Adolphe Menjou talks to Janet Gaynor and Fredric March in A Star is Born (1937)
I would have thought I'd done a birthday post on Adolphe Menjou before, but apparently not. Menjou had a long career, starting in silents in the teens and continuing to act up until 1960 and his final film, Disney's Pollyanna. If I had to pick just one movie to represent Menjou's body of work, I'm not certain which one I'd pick, just because he turned in so many good performances. He plays the newspaper editor in the 1931 non-comic The Front Page, a deeply cynical movie which is probably overshadowed by the comic 1940 remake His Girl Friday.

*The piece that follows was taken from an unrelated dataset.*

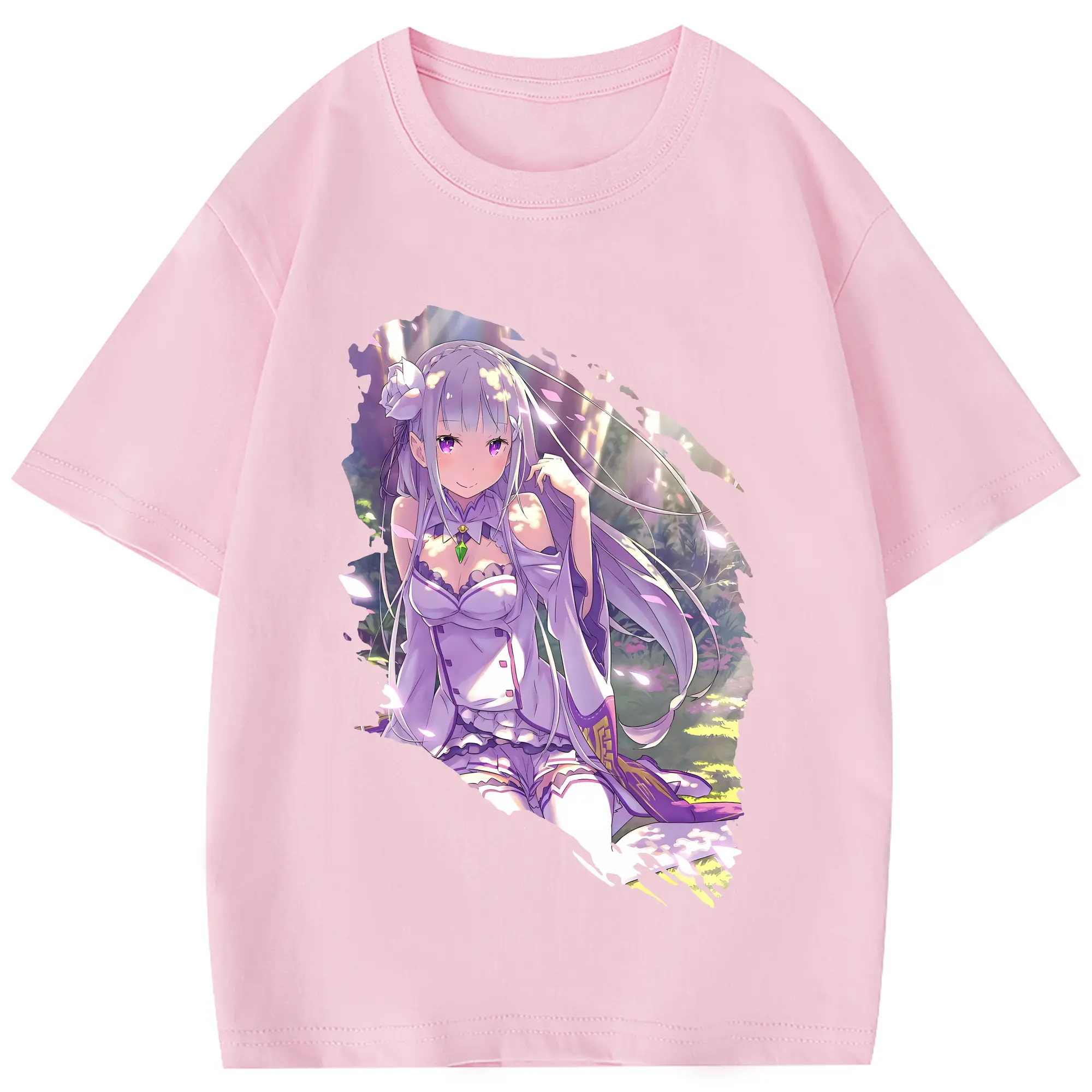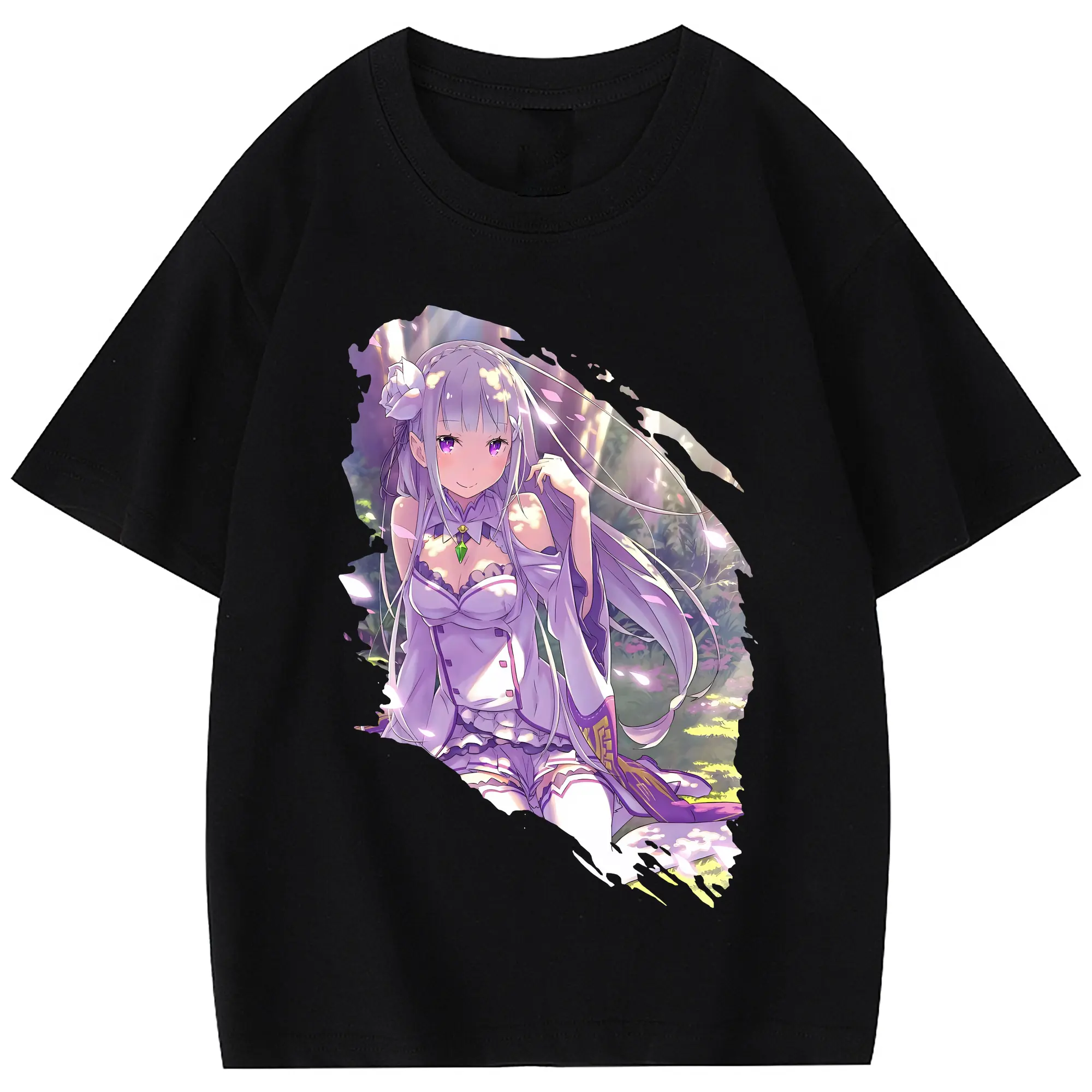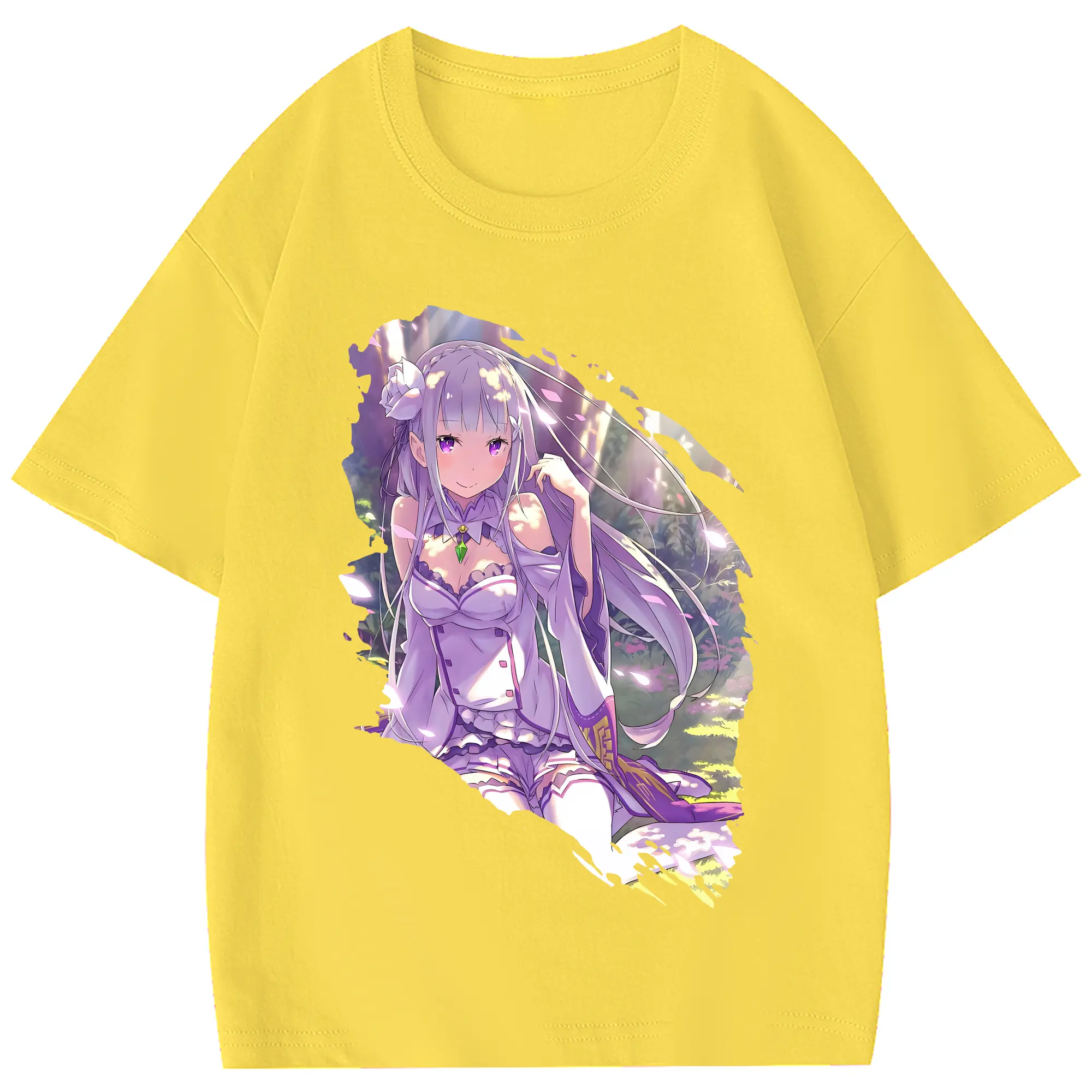 リゼロ グッズ エミリア - 綿100% 半袖Tシャツ ・ フロントプリント ・ 快適 通気性 ・ 日常使い 散歩 スポーツ用

Another good guy role is in 1952's The Sniper, in which Menjou plays a San Francisco police detective trying to determine who's the serial killer murering people with a sniper's rifle.
Menjou's moustache, I think, makes him always look elegant, as in the 1937 version of A Star is Born, or even 100 Men and a Girl, where as an unemployed musician he probably shouldn't look quite so elegant. Only in Hollywood can poverty look so good.

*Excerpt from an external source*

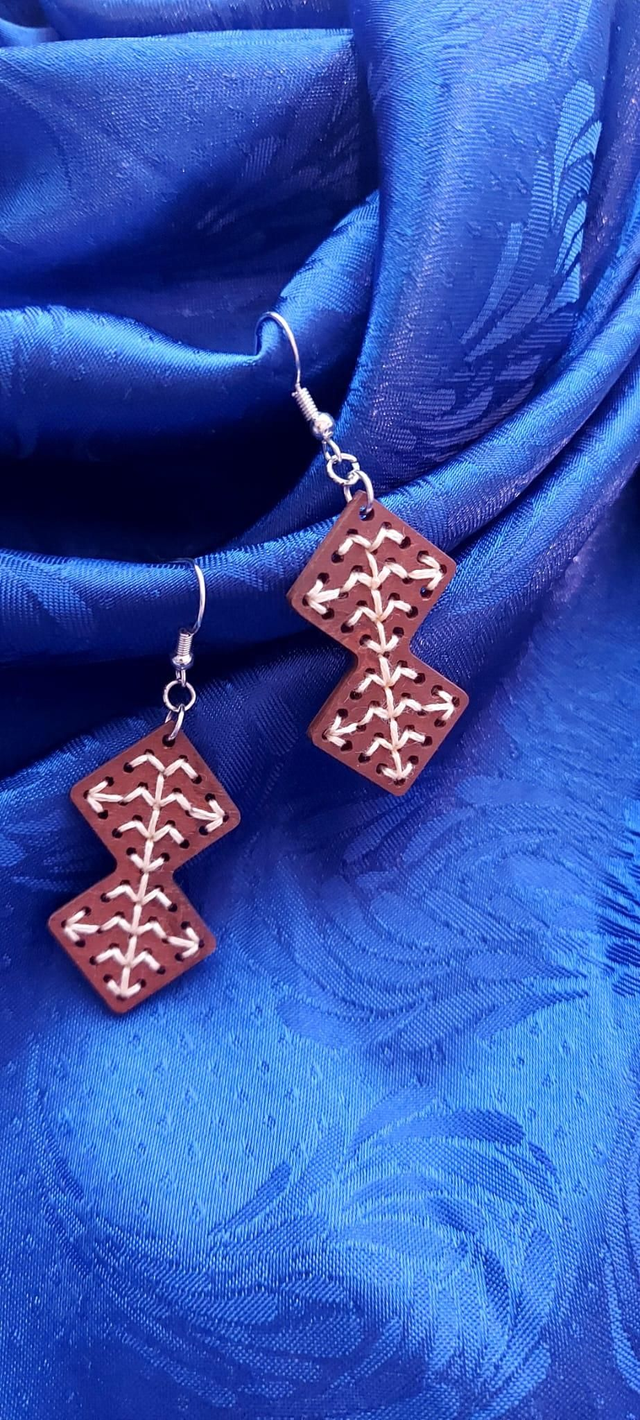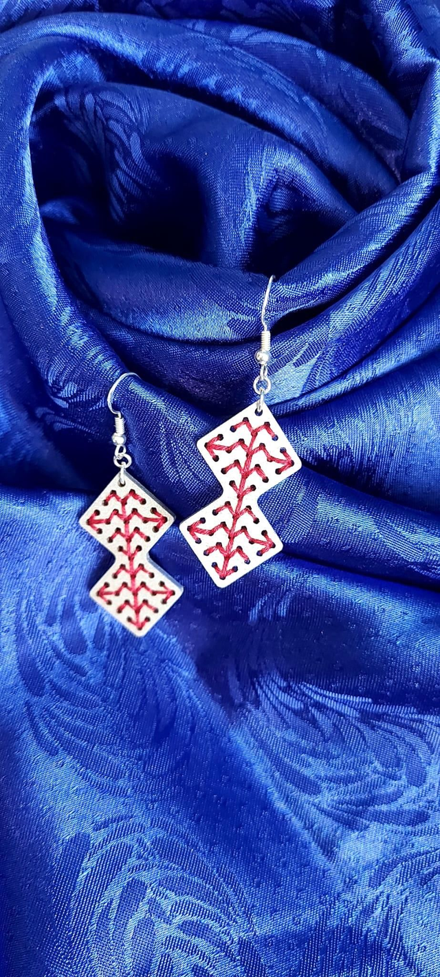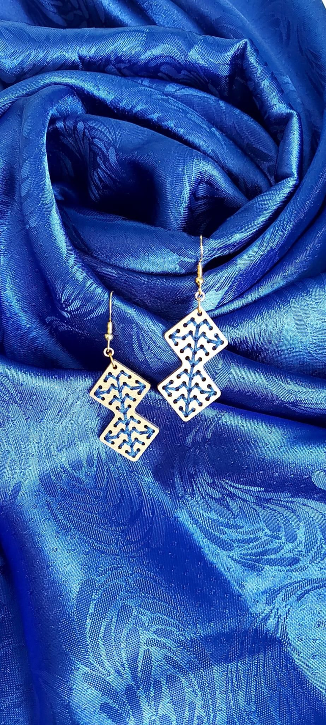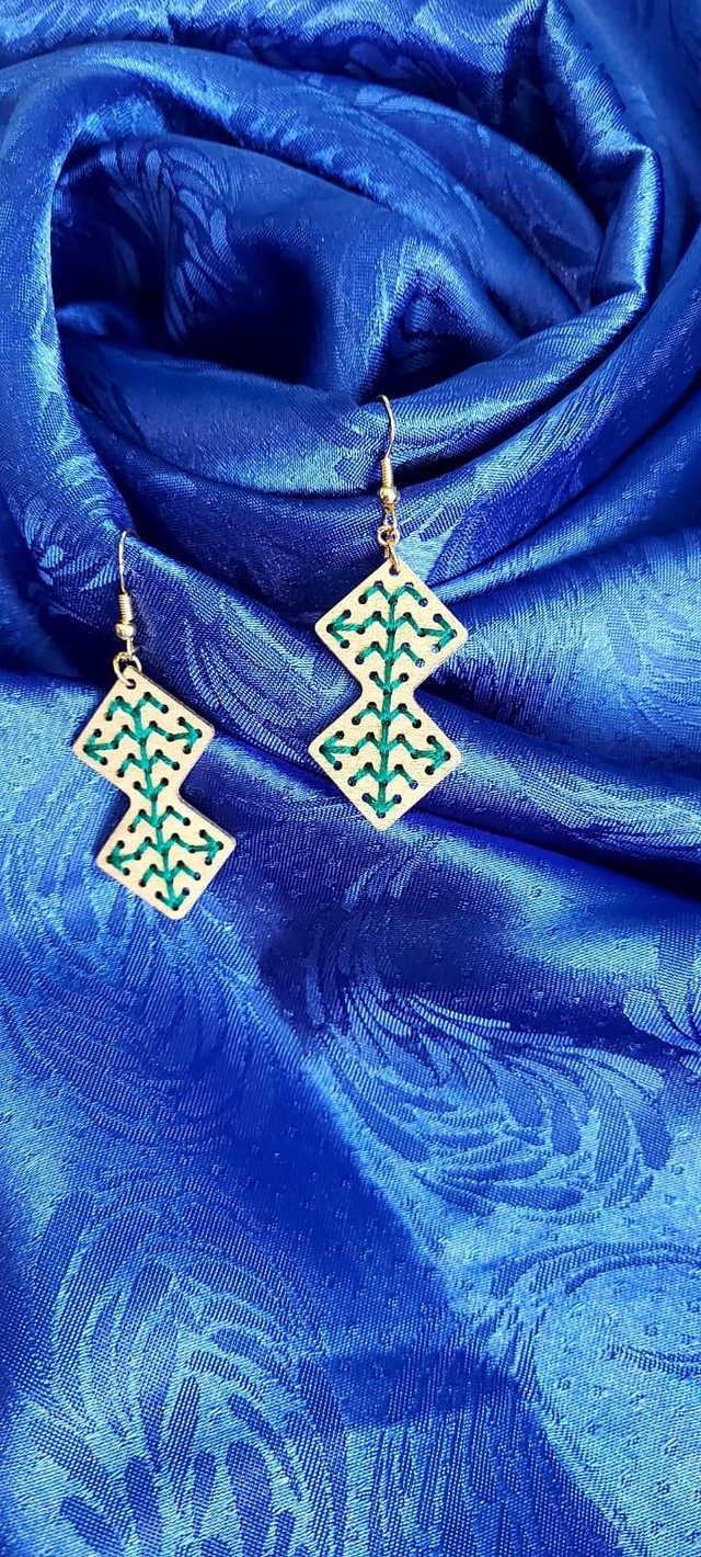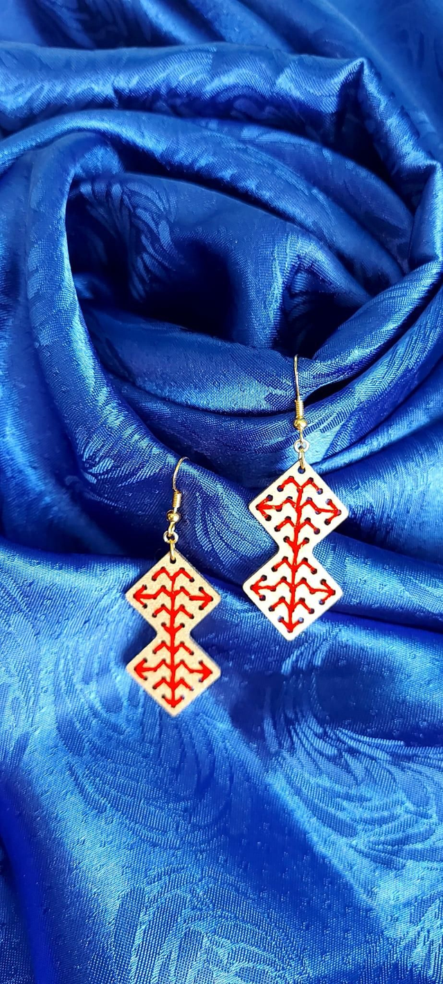 Boucles d'oreilles en bois de tilleul brodés de fil 100% coton, crochets argent 925.

Left-aligned photo As for bad-guy roles, Menjou plays the Czechoslovak Communist functionary hovering over Fredric March's shoulder in Man on a Tightrope. He's also quite good as a French World War I general who court-martials a trio of soldiers for not carrying out a suicidal mission in Paths of Glory. The photo at left, in fact, is a scene from Paths of Glory with Menjou alongside Kirk Douglas, who has the thankless job of trying to defend the three soldiers in the court-martial. For a somewhat bad guy earlier in his career, albeit one who fits the elegant persona that imbues a lot of Menjou's performances, you could try The Easiest Way.